= Source records =
★ ★ ★

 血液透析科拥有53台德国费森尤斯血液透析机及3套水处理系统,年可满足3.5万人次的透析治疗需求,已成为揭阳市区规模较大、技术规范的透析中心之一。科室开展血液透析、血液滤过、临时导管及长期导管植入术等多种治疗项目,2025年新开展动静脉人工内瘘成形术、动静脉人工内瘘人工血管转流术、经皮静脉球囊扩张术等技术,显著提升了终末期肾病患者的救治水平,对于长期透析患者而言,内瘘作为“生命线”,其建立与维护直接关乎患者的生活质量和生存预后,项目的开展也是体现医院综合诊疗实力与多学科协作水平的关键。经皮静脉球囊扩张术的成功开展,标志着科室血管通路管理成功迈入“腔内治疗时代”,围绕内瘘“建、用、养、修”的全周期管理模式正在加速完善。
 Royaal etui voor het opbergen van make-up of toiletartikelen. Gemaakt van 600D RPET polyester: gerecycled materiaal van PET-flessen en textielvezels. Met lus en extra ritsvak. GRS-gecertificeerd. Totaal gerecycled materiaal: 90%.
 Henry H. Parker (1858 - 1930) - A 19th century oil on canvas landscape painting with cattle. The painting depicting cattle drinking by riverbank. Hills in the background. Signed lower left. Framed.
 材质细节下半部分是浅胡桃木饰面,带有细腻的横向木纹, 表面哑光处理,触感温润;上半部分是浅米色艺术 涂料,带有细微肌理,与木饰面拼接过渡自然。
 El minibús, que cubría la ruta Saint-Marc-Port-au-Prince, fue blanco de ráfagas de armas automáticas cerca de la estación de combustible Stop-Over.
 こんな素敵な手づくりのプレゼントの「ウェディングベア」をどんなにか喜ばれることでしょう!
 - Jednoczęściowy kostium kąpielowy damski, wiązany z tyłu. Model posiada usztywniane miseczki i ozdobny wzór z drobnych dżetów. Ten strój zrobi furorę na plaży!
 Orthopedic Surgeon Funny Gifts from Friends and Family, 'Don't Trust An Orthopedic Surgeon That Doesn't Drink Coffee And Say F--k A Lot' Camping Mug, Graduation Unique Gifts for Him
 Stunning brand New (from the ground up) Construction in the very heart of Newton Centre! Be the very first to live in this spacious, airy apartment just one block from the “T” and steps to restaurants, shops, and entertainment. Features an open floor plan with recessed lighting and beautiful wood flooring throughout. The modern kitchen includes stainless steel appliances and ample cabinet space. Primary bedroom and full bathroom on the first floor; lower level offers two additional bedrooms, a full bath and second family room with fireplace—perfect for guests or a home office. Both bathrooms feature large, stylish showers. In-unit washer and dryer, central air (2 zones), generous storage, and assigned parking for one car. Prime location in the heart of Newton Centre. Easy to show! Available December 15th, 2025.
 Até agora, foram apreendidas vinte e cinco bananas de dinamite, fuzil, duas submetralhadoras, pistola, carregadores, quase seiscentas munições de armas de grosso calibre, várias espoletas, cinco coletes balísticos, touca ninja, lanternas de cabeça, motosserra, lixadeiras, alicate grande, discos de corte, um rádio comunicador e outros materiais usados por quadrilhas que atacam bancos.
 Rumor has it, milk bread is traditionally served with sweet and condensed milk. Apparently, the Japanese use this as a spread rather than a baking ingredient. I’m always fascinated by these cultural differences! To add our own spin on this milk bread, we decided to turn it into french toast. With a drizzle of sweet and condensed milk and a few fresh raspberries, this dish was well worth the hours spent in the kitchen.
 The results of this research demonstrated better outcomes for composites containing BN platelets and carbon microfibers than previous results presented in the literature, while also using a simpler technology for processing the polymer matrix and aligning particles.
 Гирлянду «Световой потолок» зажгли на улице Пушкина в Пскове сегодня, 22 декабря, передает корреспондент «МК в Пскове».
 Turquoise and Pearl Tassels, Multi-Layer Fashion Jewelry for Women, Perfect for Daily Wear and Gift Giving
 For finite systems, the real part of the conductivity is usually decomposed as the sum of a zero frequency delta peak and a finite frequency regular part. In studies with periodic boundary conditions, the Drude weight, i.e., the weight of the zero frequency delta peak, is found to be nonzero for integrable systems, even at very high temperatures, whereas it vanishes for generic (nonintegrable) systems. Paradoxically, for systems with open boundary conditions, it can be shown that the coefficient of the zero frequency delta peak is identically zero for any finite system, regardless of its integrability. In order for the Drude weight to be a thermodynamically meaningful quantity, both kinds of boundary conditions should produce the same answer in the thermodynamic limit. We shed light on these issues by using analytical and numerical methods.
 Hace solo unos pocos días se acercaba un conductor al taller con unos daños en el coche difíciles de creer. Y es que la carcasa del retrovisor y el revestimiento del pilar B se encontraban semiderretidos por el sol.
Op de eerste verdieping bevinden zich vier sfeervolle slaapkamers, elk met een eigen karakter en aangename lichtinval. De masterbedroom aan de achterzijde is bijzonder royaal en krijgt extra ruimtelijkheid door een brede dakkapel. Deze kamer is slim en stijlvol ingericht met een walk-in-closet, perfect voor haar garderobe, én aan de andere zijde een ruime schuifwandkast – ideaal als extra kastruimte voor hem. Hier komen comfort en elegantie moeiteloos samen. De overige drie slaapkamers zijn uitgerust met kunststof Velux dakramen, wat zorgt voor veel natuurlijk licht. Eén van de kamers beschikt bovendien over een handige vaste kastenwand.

★ ★ ★

= About this exercise =
When you retype the data above, start at its first line, stop after the line containing "Royaal etui voor", and leave out everything else.

= Answer box =
 血液透析科拥有53台德国费森尤斯血液透析机及3套水处理系统,年可满足3.5万人次的透析治疗需求,已成为揭阳市区规模较大、技术规范的透析中心之一。科室开展血液透析、血液滤过、临时导管及长期导管植入术等多种治疗项目,2025年新开展动静脉人工内瘘成形术、动静脉人工内瘘人工血管转流术、经皮静脉球囊扩张术等技术,显著提升了终末期肾病患者的救治水平,对于长期透析患者而言,内瘘作为“生命线”,其建立与维护直接关乎患者的生活质量和生存预后,项目的开展也是体现医院综合诊疗实力与多学科协作水平的关键。经皮静脉球囊扩张术的成功开展,标志着科室血管通路管理成功迈入“腔内治疗时代”,围绕内瘘“建、用、养、修”的全周期管理模式正在加速完善。
 Royaal etui voor het opbergen van make-up of toiletartikelen. Gemaakt van 600D RPET polyester: gerecycled materiaal van PET-flessen en textielvezels. Met lus en extra ritsvak. GRS-gecertificeerd. Totaal gerecycled materiaal: 90%.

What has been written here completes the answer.